とはいえ、外出自粛ムードが長期化する中で小売企業を取り巻く環境は激変している。今後は消費者の「リアル店舗離れ」も懸念される。

その影響はワークマンにとっても同じなのか。同社創業者・土屋嘉雄氏の縁戚に当たり、ここ数年の快進撃の立役者である土屋哲雄専務を直撃した。(インタビューは6月12日にオンラインで実施)

重要なことはライフスタイルの変化

――コロナ禍でもワークマンの既存店売上高は絶好調です。
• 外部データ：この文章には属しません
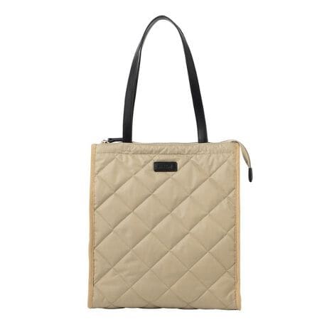 ラージサイズは持ち手が肩からかけられる長さで、A4サイズも余裕をもって収納できるので、通勤バッグとしても活躍。軽量なところもポイントです。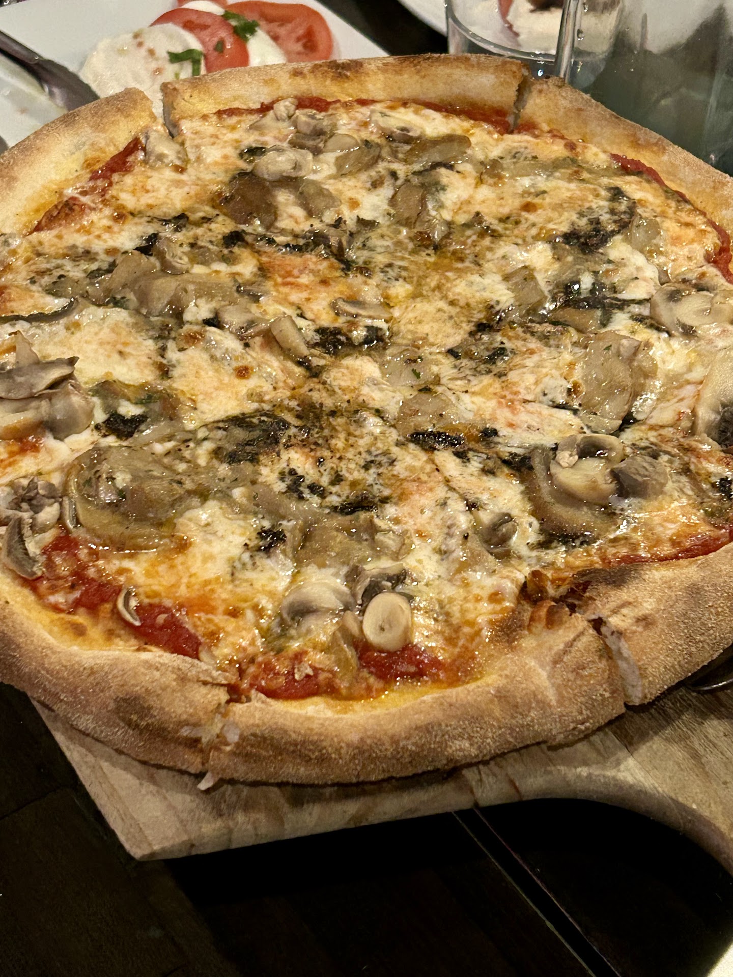 We had a mushroom and truffle pizza, a cooked ham and mushroom pizza, and several panini. All were delicious. They have a large selection of interesting pizzas, including many sauceless pizzas. I had the Trento and thought it was terrific. We also ordered a meat and cheese sampler plate and the cheeses were hands-down the best Italian cheeses Iāve encountered in a pizzeria and much better than what is offered at most more expensive restaurants. The meats were very good, too. The pizzas and panini were prepared very quickly. We also ordered a caprese salad, which was a generous portion. Delicious focaccia was served for the whole table.

これは、予想通りなのでしょうか。

いやいや、想定外ですね。

4月は「開店休業」状態になってもよいくらいに思っていた。全店舗のうち8割の店が時短営業か臨時休業(土日のみ休業など)を実施したので、特に5月の既存店売上高が前年同月比で120%近くとなったのは驚きだった。
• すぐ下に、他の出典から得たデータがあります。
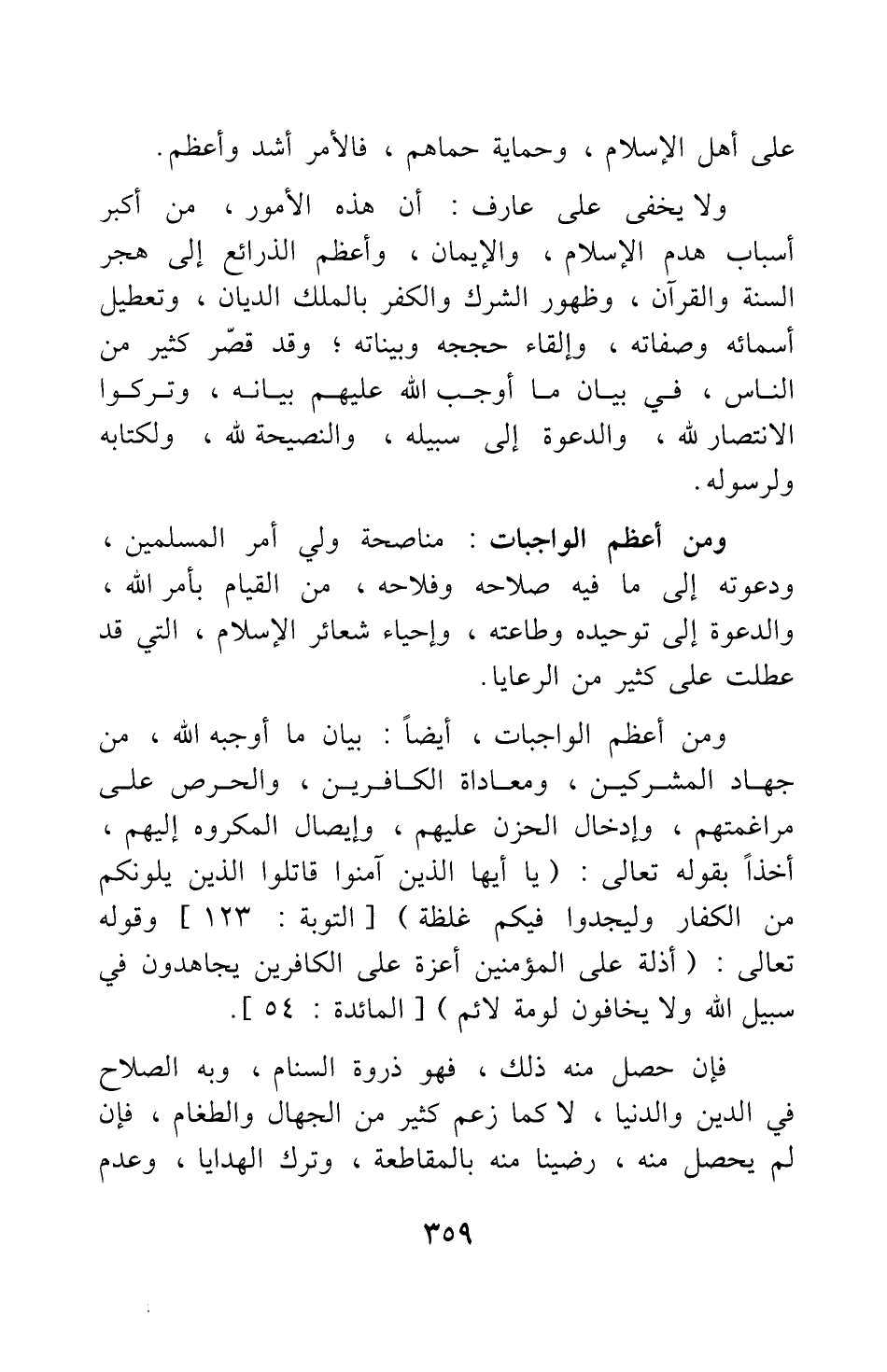 ولا يخفى على عارف أن هذه الأمور من أكبر أسباب هدم الإسلام والإيمان، وأعظم الذرائع إلى هجر السنة والقرآن، وظهور الشرك والكفر بالملك الديان، وتعطيل أسمائه وصفاته، وإلقاء حججه وبيناته. وقد قصر كثير من الناس، في بيان ما أوجب الله عليهم بيانه، وتركوا الانتصار لله، والدعوة إلى سبيله، والنصيحة لله، ولكتابه ولرسوله.

自動車産業が盛んな愛知や静岡の店舗では、作業系商品の売り上げが落ちた。工場が止まるとプロ客は作業服を買わなくなるから、如実に店舗の数字として出る。その落ち込みを一般客向けの増加で補った形だった。

一般客が伸びたのはすべて「自社の力」と言えればよいが、ショッピングセンター(SC)が一時休業した影響が大きい。ユニクロなどの店舗も一時閉まっていたので、「じゃあ、ワークマンでいいや」といって、うちの路面店に顧客が流れてきた。